Yes. The eight hours of training may incorporate other subjects as allowed in the rule language. All training under this subsection must be in the administration of an agency and relate to that subject.
3.16 The language at 97.259(d) excludes presurvey conference from application to subsection (c) of the rule. Is presurvey conference allowed for any of the subjects included in subsection (e)?
No. Presurvey conference does not cover the issues in subsection (e); therefore, it is automatically excluded. Presurvey conference only covers certain licensing standards, certain conditions of participation in the Medicare program and survey requirements.
3.17 The regulations require training that covers the Outcome and Assessment Information Set (OASIS) for an individual designated as the administrator or alternate administrator of an agency licensed to provide licensed and certified home health services. Does this mean the DADS OASIS training is mandatory?
No. The DADS OASIS training is not a mandatory course.
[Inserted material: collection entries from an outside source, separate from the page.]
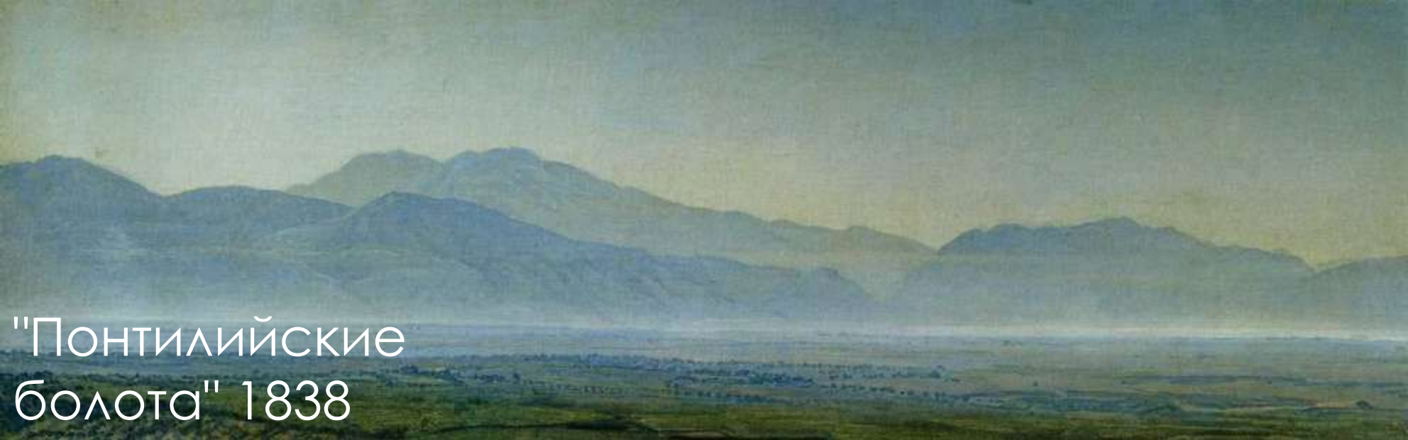
"Понтийские болота" 1838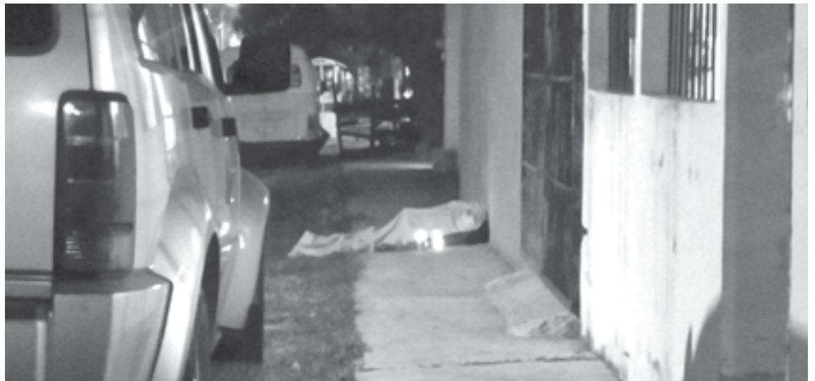
VECINOS COLOCARON veladoras junto al cuerpo del hombre.

Presuntamente, el Jetta bajó la velocidad al acercarse a un semáforo cuando de pronto fue impactada en la parte trasera por la camioneta roja que a su vez fue golpeada por detrás por la camioneta gris.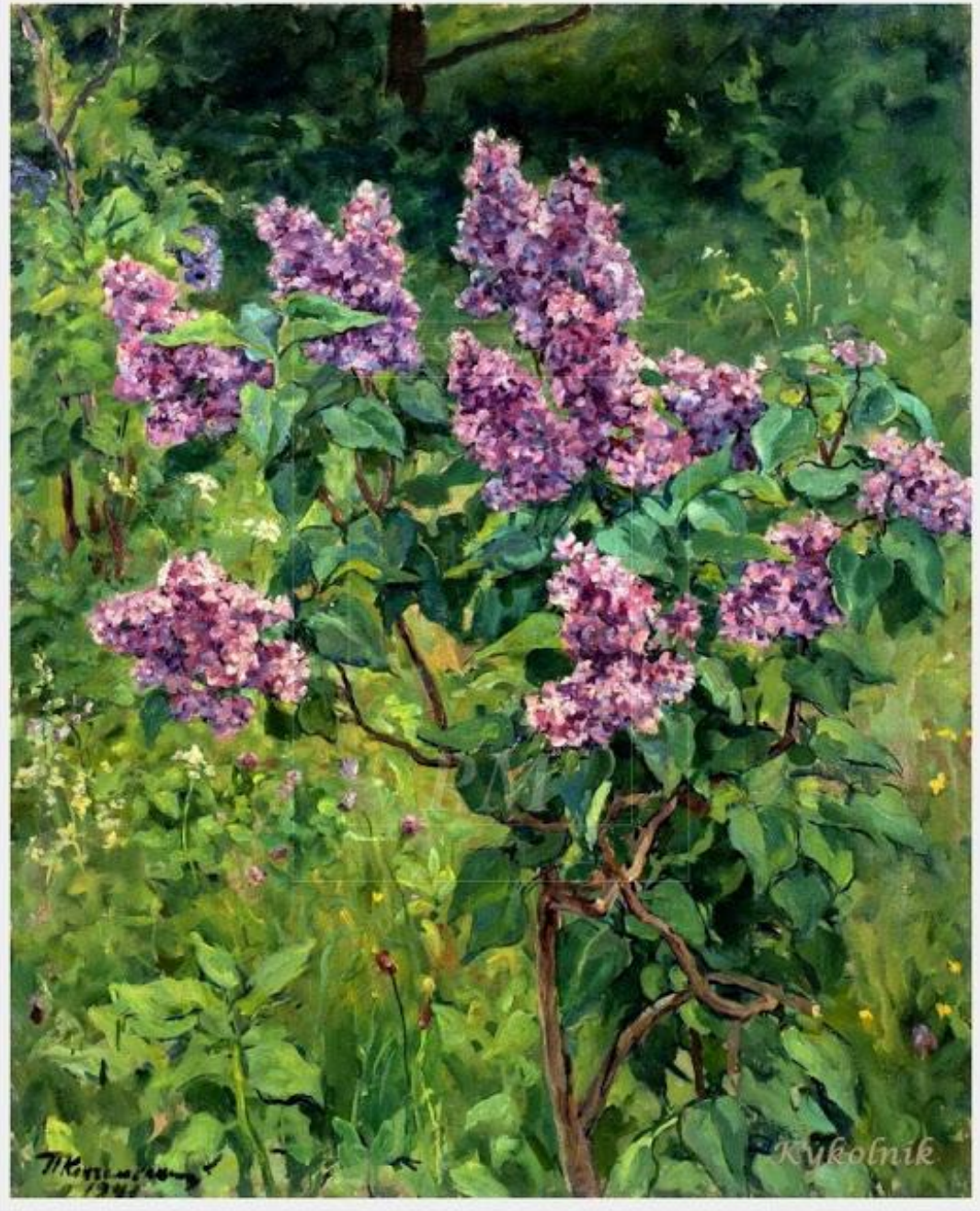
«Куст сирени» 1941 год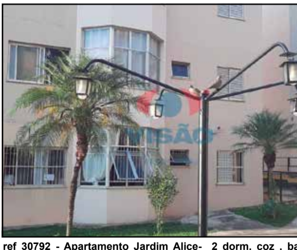
ref 30792 - Apartamento Jardim Alice- 2 dorm, coz, banheiro, área de serviço e 1 vaga de garagem coberta - R$ 240.000,00 + IPTU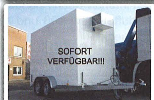
Isopolar Tandem Kühlanhänger NEU, V-Deichsel mit PKW-Kupplung, 2,7 to Gesamtgewicht, Innenmaße 3.470 x 1.670 x 2.000 mm, Nutzlast: 6.000 kg, Portalhecktüren, INTERNE-Nr.: 9612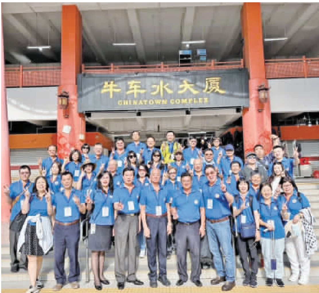
參訪團於牛車水大廈合照。

（台北訊） ◎整理撰稿：邱聖瑄 台灣金門同鄉總會於本月19日率領由42名成員組成的代表團，前往馬來西亞和新加坡展開為期數天的海外交流之旅。這次代表團結合了旅台金門同鄉會與宗親會的成員，其中包括近12個同鄉會及宗親會的組織成員。首站來到新加坡後，金門同鄉總會參訪團已完成了對當地金門同鄉會館的參觀。在這次交流活動中，兩地同鄉會的成員們進行了熱烈的交流與互動，分享了各自的經驗和見解。前往新加坡保存良好的華族文化地標。牛車水、海牙寺以及歷史悠久的街道，成為了代表團的旅程目的地。成員們得以深刻感受先賢們當年在南洋大地上所歷經的艱辛與奮鬥歷史。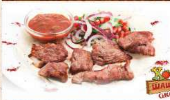
Шашлык из мякоти ягненка 390 р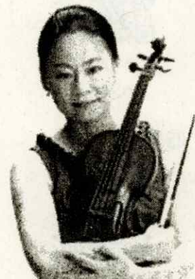
枚方出身の ヴァイオリニスト 五嶋みどりさん

◆五嶋みどりさんに質問しよう 皆さんからの質問に、みどりさんがお答えします。 メールアドレス：info@musicsharing.jp

The administrator and alternate administrator of a licensed and certified home health agency do have to complete some OASIS training as required by the licensing standards. But the DADS course is not the only option. Administrators may complete OASIS courses offered by other entities.
3.18 As a newly designated administrator, if I choose to complete the DADS OASIS six-hour course, will this satisfy six of the eight hours of initial training required?
No. OASIS training does not meet the requirement at §97.259(c) for the initial eight hours of training in the administration of an agency.
3.19 I noticed that DADS offers joint training for other programs. Does this training meet the qualifications for a HCSSA administrator?
In some instances, yes.
For continuing education: Yes. The joint training offered by DADS relates specifically to non-HCSSA programs such as nursing facilities, intermediate care facilities for persons with mental retardation and related conditions, and assisted living facilities. DADS joint training does not address HCSSA administration. Certain DADS joint training may be appropriate to the topics listed in 40 TAC 97.259(e) and (h), or may apply to the job of an administrator. The administrator may attend and count DADS-sponsored joint training toward continuing education if appropriate. These topics are limited.
For initial training: No. DADS-sponsored joint training relates to non-HCSSA provider settings and does not count toward the initial 24 hours of training because the courses are not HCSSA specific. DADS training that is developed for HCSSAs and is approved for continuing education credits or sponsored by a state or national organization may qualify for initial administrator training. If you have a question about applicability, contact DADS, as you should with any training provider before signing up for a course.